_YOUR ASSIGNMENT:_ Give the data below again exactly, and drop each picture from it.

_DATA FOR REVIEW:_
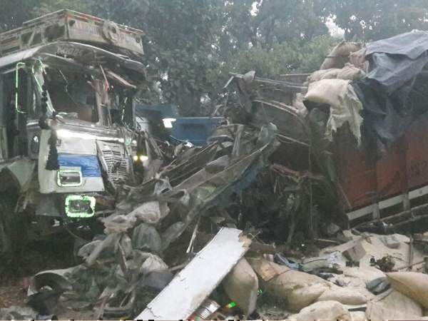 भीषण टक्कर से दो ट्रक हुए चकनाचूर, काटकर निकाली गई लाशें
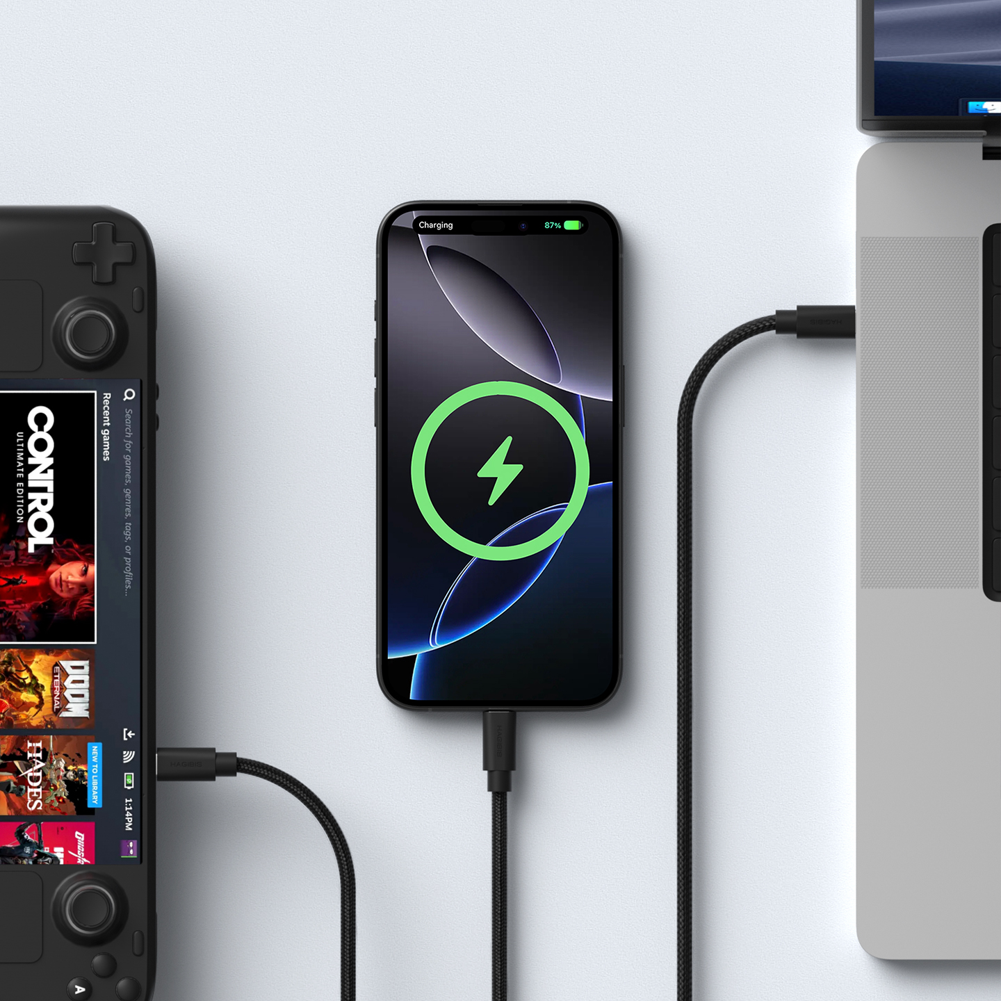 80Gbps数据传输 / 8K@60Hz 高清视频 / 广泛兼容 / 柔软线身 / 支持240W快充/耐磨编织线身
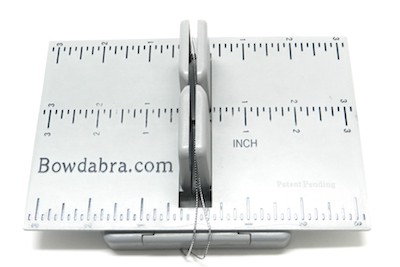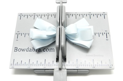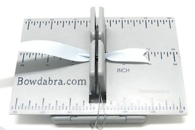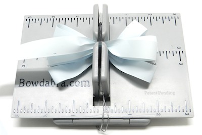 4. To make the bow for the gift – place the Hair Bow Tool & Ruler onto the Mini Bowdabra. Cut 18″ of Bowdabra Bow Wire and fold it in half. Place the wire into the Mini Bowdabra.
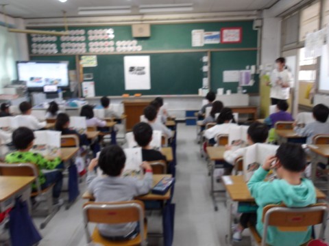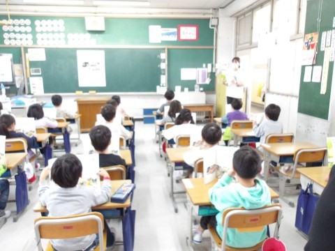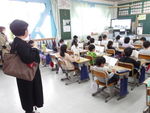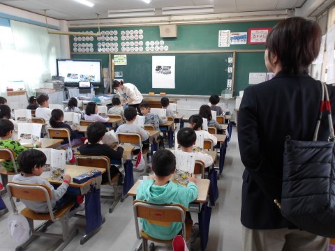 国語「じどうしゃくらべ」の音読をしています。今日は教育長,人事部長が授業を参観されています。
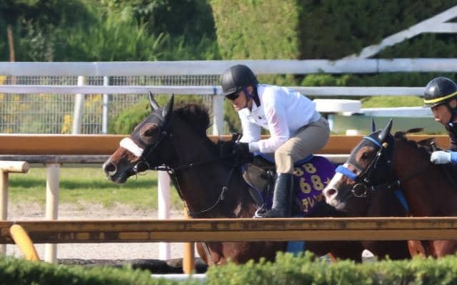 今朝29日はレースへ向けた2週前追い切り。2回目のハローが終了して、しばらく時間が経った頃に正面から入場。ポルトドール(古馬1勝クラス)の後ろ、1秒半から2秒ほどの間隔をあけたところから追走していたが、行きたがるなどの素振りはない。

_WRITTEN REPLY:_
 भीषण टक्कर से दो ट्रक हुए चकनाचूर, काटकर निकाली गई लाशें
 80Gbps数据传输 / 8K@60Hz 高清视频 / 广泛兼容 / 柔软线身 / 支持240W快充/耐磨编织线身
 4. To make the bow for the gift – place the Hair Bow Tool & Ruler onto the Mini Bowdabra. Cut 18″ of Bowdabra Bow Wire and fold it in half. Place the wire into the Mini Bowdabra.
 国語「じどうしゃくらべ」の音読をしています。今日は教育長,人事部長が授業を参観されています。
 今朝29日はレースへ向けた2週前追い切り。2回目のハローが終了して、しばらく時間が経った頃に正面から入場。ポルトドール(古馬1勝クラス)の後ろ、1秒半から2秒ほどの間隔をあけたところから追走していたが、行きたがるなどの素振りはない。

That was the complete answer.